Etampes (Essonne), années 1990
Madame D. était professeure dans les sections professionnelles d'un grand lycée du sud de l'Essonne (1). Elle habitait Lardy (91). Elle était née en 1938. Comme son mari et beaucoup de ses collègues, Madame D. était une militante politique. Du genre teigneuse pouvant devenir pétroleuse.
Le proviseur du Lycée se disait psycho-polémologue (2), faisait partie d'une structure de l'Education Nationale de lutte contre les "dérives sectaires", en réalité contre toutes les incorrections politiques, sociétales, historiques. J'ignore quelles étaient les relations entre Madame D. et le Proviseur. Celles que j'entretenais avec ce dernier étaient exécrables. Des lâchers de rumeurs en aparté ou en salle des profs, avaient pour objet de m'empêcher de fonctionner professionnellement, de m'isoler. Elles portaient surtout sur des préférences politiques qu'on me prêtait, à tort ou à raison.
J'eus besoin du concours de Madame D. pour réaliser une séquence pédagogique avec sa classe devant un Inspecteur pédagogique chargé de m'évaluer. Elle accepta avec paraît-il beaucoup de réticences, sans les exprimer en ma présence.
Pendant tout le déroulement de la séquence, en présence des élèves, de l'Inspecteur et de moi-même, elle arbora un badge "Non à l'Extrême-Droite" au revers de sa (généreuse...) poitrine ce qui, à mon avis, constituait un manquement au devoir de réserve, une faute morale, déontologique et professionnelle. Je savais que j'étais chez les Barbares. Mais pour le moment, je me voyais égaré au pays des garces.

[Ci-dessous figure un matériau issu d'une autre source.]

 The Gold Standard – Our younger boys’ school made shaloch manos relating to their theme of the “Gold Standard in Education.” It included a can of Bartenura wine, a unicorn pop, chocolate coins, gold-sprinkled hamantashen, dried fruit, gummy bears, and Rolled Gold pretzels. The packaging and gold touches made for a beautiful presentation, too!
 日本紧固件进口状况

1994. Silvio Berlusconi forme un gouvernement avec la Lega Nord (anti-immigration) et l'Alleanza Nazionale (accusée de "néo-fascisme" par ses ennemis). Sur le marché du samedi matin à Etampes, Madame D., accompagnée d'une "camarade" à elle, distribue des tracts et une brochure. Elle s'approche de moi et me demande de lui acheter sa belle brochure sur papier glacé dont les titres expriment leur hostilité au nouveau cours politique en Italie. D'un air de dire : "prends ça pour te soigner". Je lui propose, si elle est sincère et motivée, de me la donner. Crispation de Madame D. qui refuse avec humeur et s'éloigne pour s'entretenir avec sa "camarade" et continuer sa propagande.

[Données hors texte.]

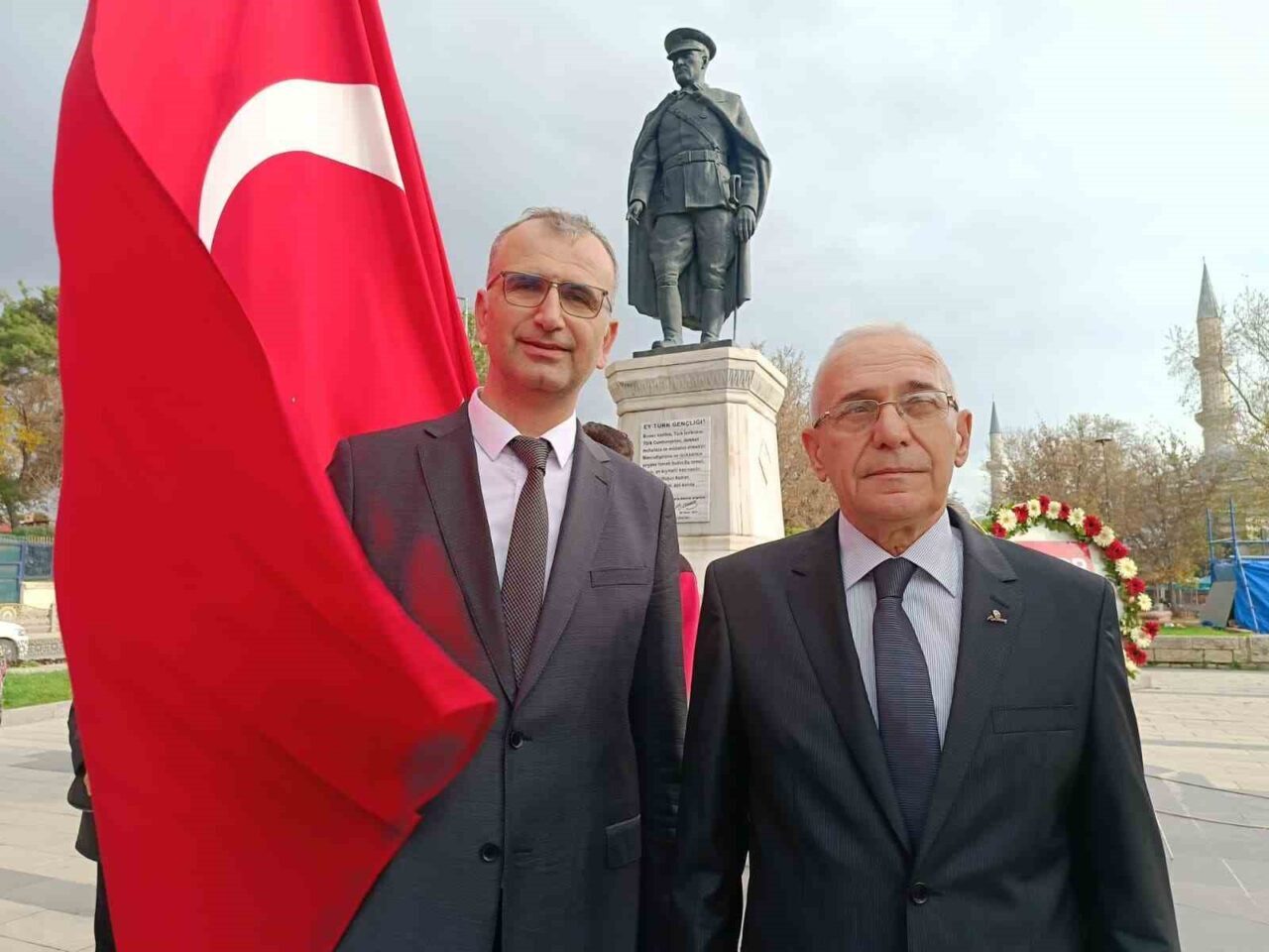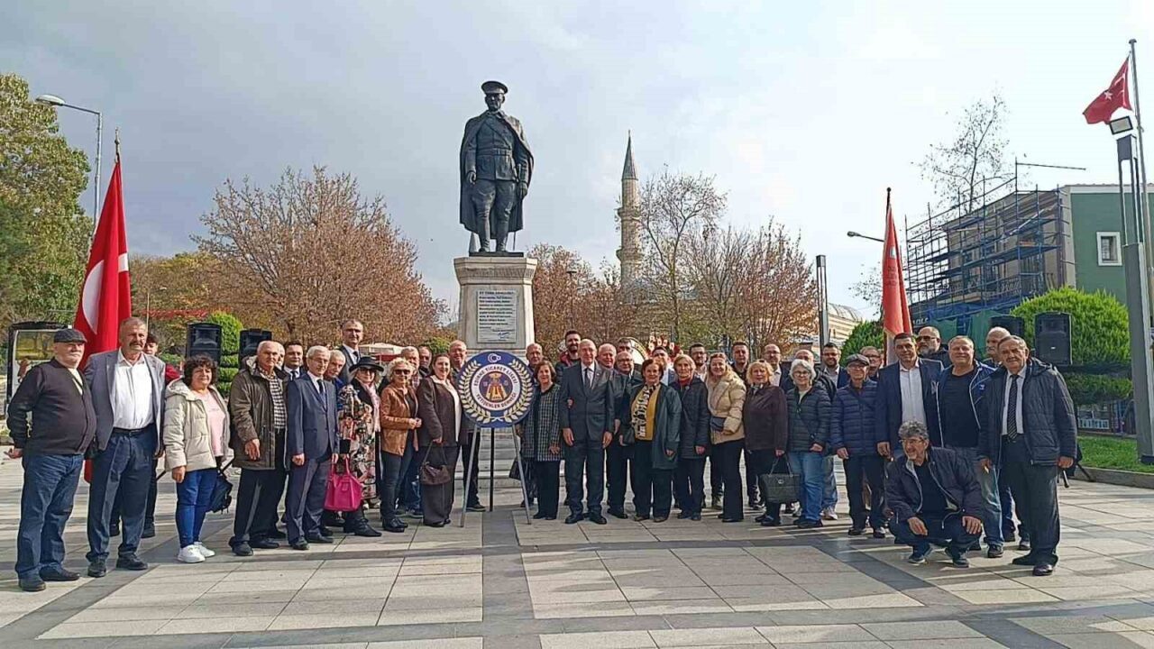 Atatürk heykeli önünde düzenlenen anma töreninde, katılımcılar çelenk sunumunun ardından belediye bandosunun eşliğinde saygı duruşunda bulunarak İstiklal Marşı’nı okudu.

Madame D. a pris sa retraire bien avant d'atteindre la soixantaine. C'était une famille militante que celle de Madame D., de Lardy. Elle laissait entendre que son mari travaillait pour le compte du P.S. (qui contrôlait la mairie de Lardy à cette époque). Lardy est une charmante petite commune verdoyante du centre de l'Essonne, qui accueille le Centre Technique d'Essais des Automobiles Renault. Sa proximité relative (une 40aine de kms) de Paris y a attiré beaucoup de BoBos (Bourgeois Bohêmes).
Je n'ai jamais revu Madame D. à ce jour. Elle incarnait pour moi une des figures de l'intolérance aux nom des "valeurs 2 la répuplik".
N O T E S
(1) j'étais moi-même professeur dans ce lycée à l'époque;
(2) formé chez les Jeunes Communistes, le Proviseur avait évolué vers le chevénementisme dont l'animateur dans l'Essonne était alors le sénateur-maire des Ulis, M. Loridant; ce proviseur, ancien prof de Maths, se piquait d'être en formation en psycho-polémologie, et jouissait d'un certain respect au sein de la "communauté éducative" du fait de ses fonctions "anti-sectes", et des protections qu'on lui attribuait. Il avait, dans un rapport me concernant, affirmé que ma présence dans son établissement désorientait les collègues "attachés à un pluralisme de bon aloi (sic)".